They shall call the nobles thereof to the kingdom, but none shall be there; and all its princes shall be nothing. And thorns shall come up in its palaces, nettles and thistles in the fortresses thereof; and it shall be a habitation of jackals, a court for ostriches.
--Isaiah 34:12-13
Also: Jackalmen aren't a species--they're a moral consequence. If a man should betray a friend in the Colossal Waste, he becomes one. If a woman should steal from an innocent, she becomes a horned she-jackal.
Stats are basically as a human magic user except roll 2d6+6 for intelligence, 4d4 for strength, plus enhanced hearing. They'll only bite you if they've carved a curse into their teeth or in case of genuine desperation.
They carry khopesh swords, barbed nets and gold sickles. The sickles can be imbued with a single spell at a time, storing the spell and discharging it when it hits a target--they can also be thrown. This is all awful.

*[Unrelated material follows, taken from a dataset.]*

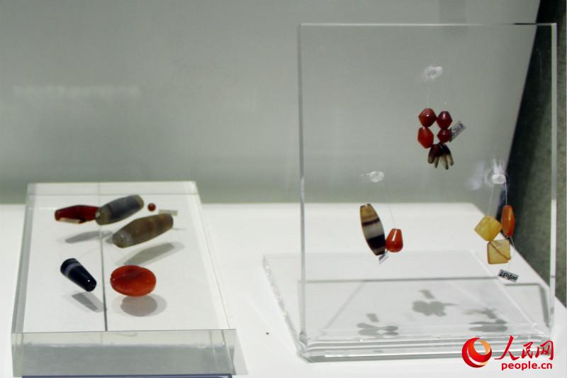 Agate accessories unearthed from Han graves in Hepu. (People's Daily Online/Chen Yuan)

They worship Nathrekk the Devourer who is a three-headed jackal whose wide radiating mouths form a black blossom. It is said Nathrekk is brother to En Gorath, it is said they keep secrets from one another.
They live in the ruins of our cities, so their scheme is to encourage and then annihilate your culture. How far along in the two-step they've gotten depends what century and hex you're in. Their government is very Lottery In Babylon. Even in their most progressive phase they encourage only malefactors--organizing despots, crimelords, sellers of homes.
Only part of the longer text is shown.